PROBLEM DESCRIPTION. Taking the line with "En torno a este" as the first and the line with "À l’occasion du" as the last, set down the lines below exactly, pictures excluded.

RECORD EXTRACTS.
○ ○ ○

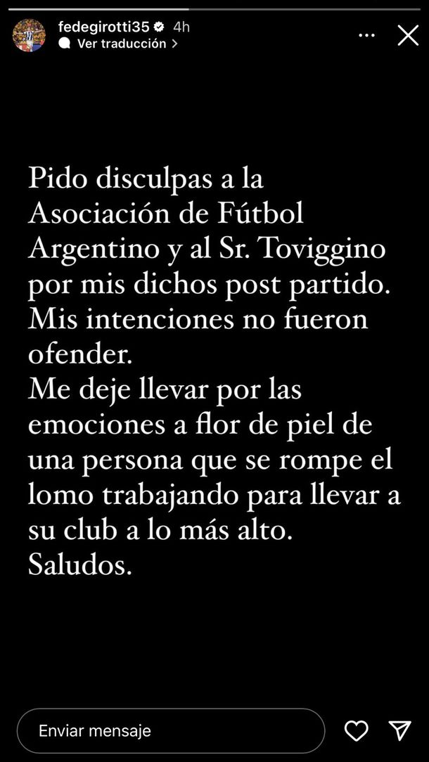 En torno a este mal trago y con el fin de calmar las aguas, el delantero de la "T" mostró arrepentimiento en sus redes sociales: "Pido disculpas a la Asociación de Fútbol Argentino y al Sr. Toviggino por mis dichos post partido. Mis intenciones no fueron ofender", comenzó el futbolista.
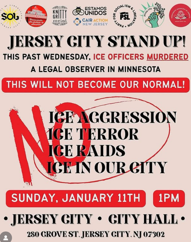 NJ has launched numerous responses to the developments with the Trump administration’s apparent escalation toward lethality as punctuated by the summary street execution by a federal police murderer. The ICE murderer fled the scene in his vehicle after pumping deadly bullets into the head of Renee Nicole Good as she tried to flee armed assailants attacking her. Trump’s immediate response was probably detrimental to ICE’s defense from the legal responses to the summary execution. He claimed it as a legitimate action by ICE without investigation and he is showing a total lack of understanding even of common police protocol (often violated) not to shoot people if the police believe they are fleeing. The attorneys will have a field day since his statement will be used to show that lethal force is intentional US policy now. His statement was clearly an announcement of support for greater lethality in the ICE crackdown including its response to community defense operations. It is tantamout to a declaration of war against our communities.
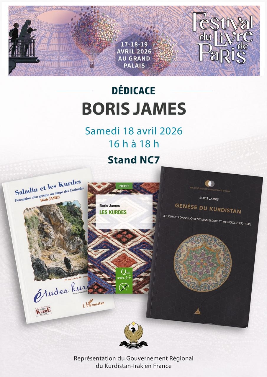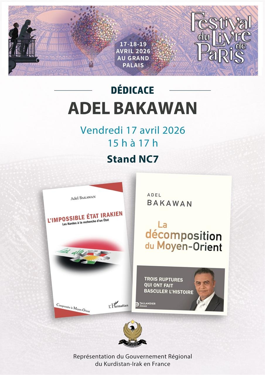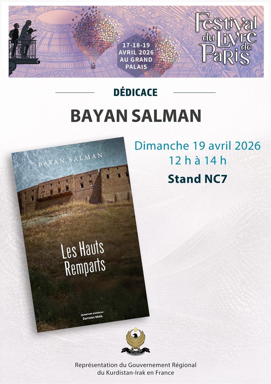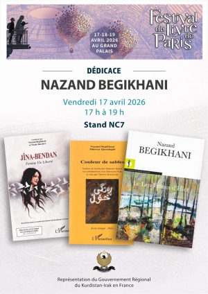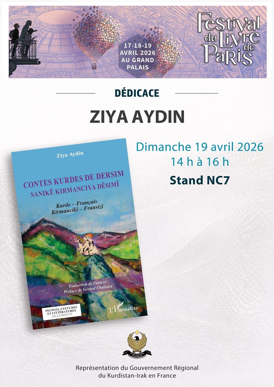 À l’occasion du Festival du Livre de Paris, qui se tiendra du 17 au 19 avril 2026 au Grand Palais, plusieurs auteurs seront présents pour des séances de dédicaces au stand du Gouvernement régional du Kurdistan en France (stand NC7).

○ ○ ○

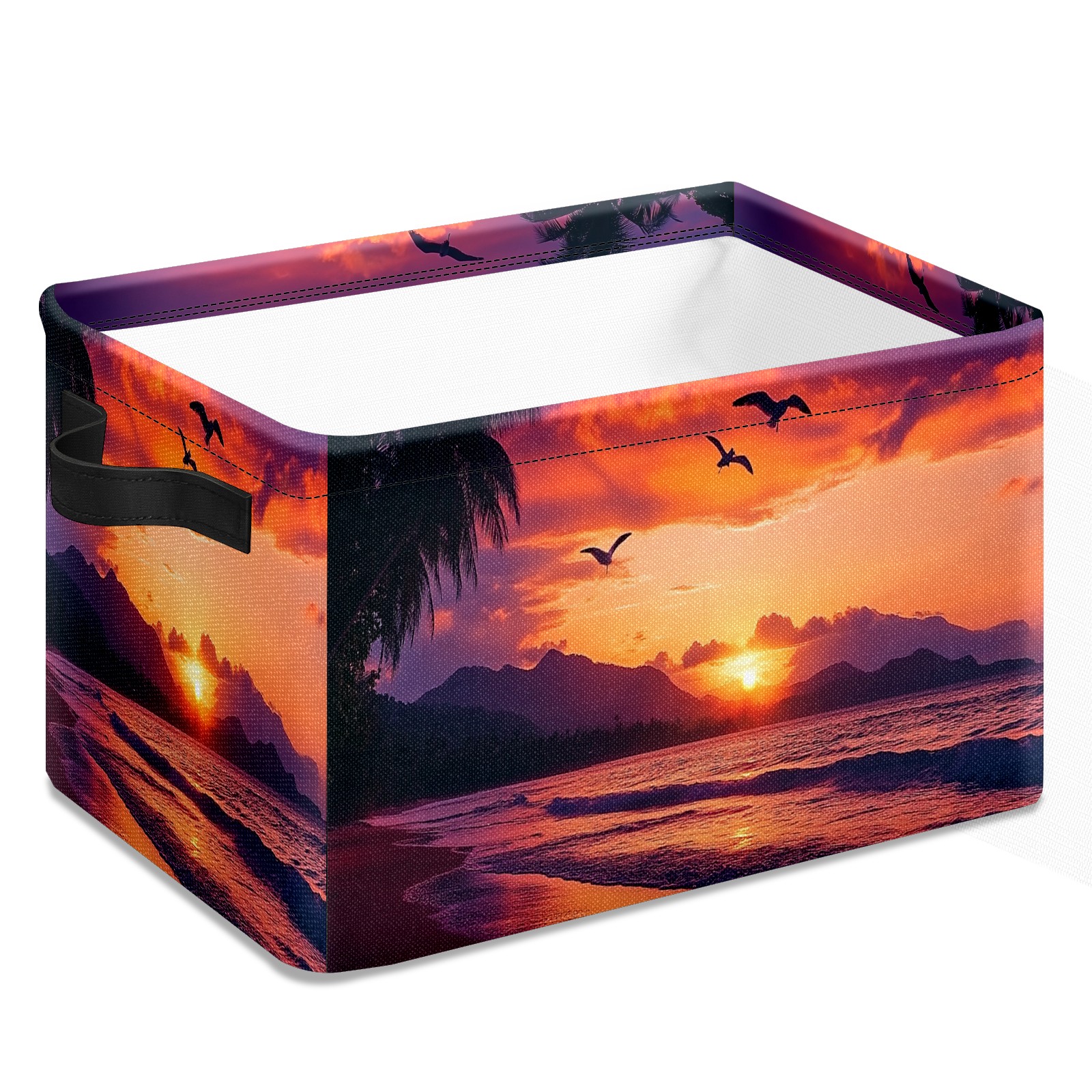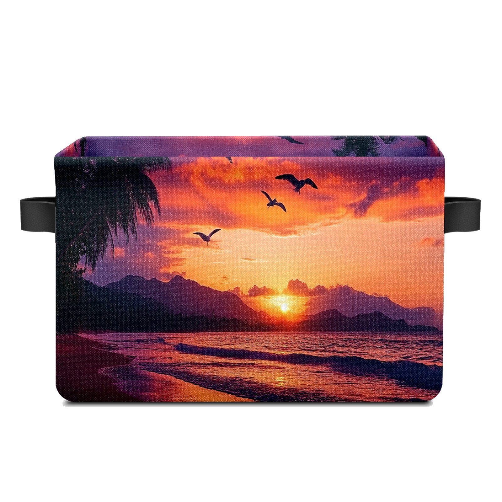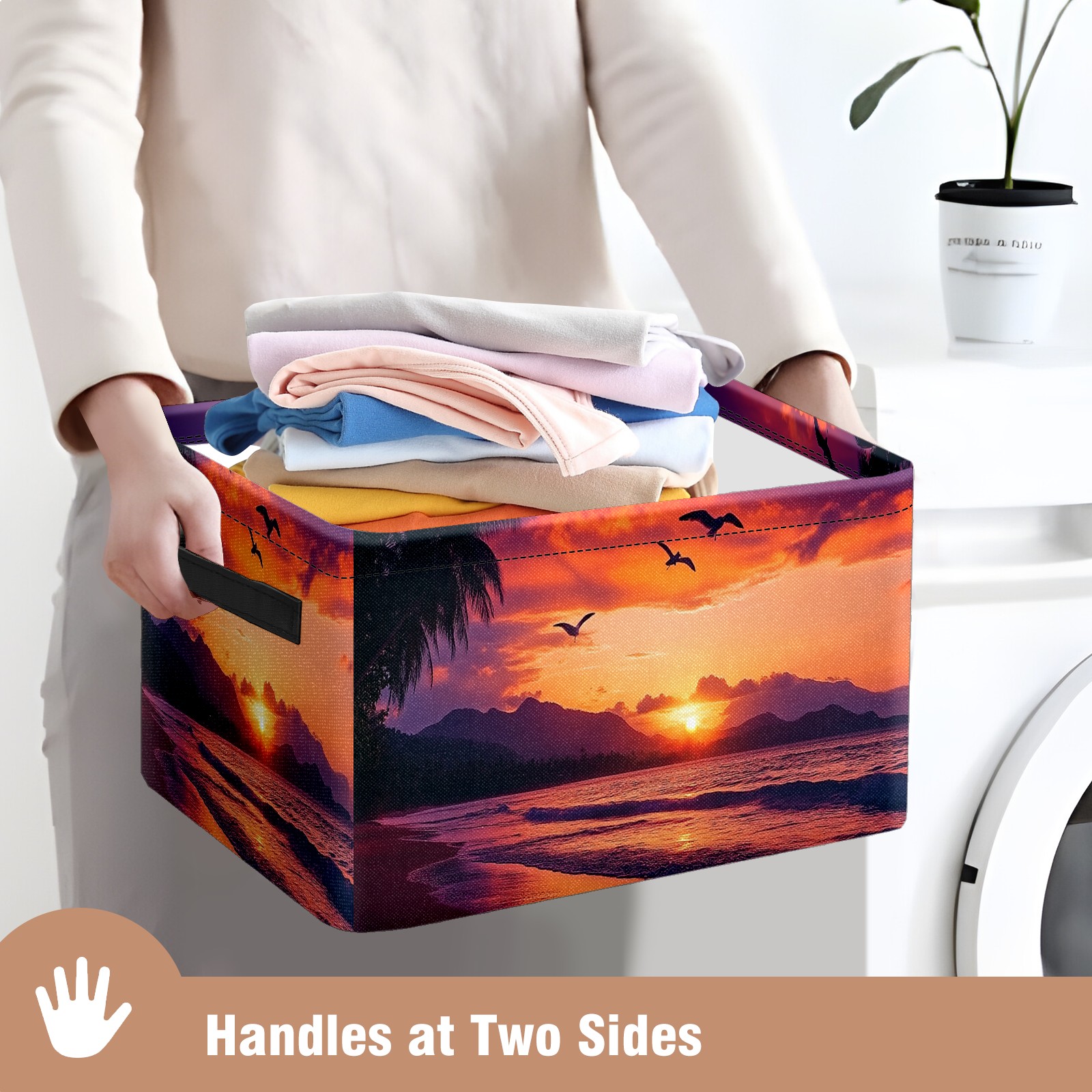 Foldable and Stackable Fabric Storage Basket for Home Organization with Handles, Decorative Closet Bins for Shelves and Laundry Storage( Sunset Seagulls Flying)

○ ○ ○

RESULT BELOW.
 En torno a este mal trago y con el fin de calmar las aguas, el delantero de la "T" mostró arrepentimiento en sus redes sociales: "Pido disculpas a la Asociación de Fútbol Argentino y al Sr. Toviggino por mis dichos post partido. Mis intenciones no fueron ofender", comenzó el futbolista.
 NJ has launched numerous responses to the developments with the Trump administration’s apparent escalation toward lethality as punctuated by the summary street execution by a federal police murderer. The ICE murderer fled the scene in his vehicle after pumping deadly bullets into the head of Renee Nicole Good as she tried to flee armed assailants attacking her. Trump’s immediate response was probably detrimental to ICE’s defense from the legal responses to the summary execution. He claimed it as a legitimate action by ICE without investigation and he is showing a total lack of understanding even of common police protocol (often violated) not to shoot people if the police believe they are fleeing. The attorneys will have a field day since his statement will be used to show that lethal force is intentional US policy now. His statement was clearly an announcement of support for greater lethality in the ICE crackdown including its response to community defense operations. It is tantamout to a declaration of war against our communities.
 À l’occasion du Festival du Livre de Paris, qui se tiendra du 17 au 19 avril 2026 au Grand Palais, plusieurs auteurs seront présents pour des séances de dédicaces au stand du Gouvernement régional du Kurdistan en France (stand NC7).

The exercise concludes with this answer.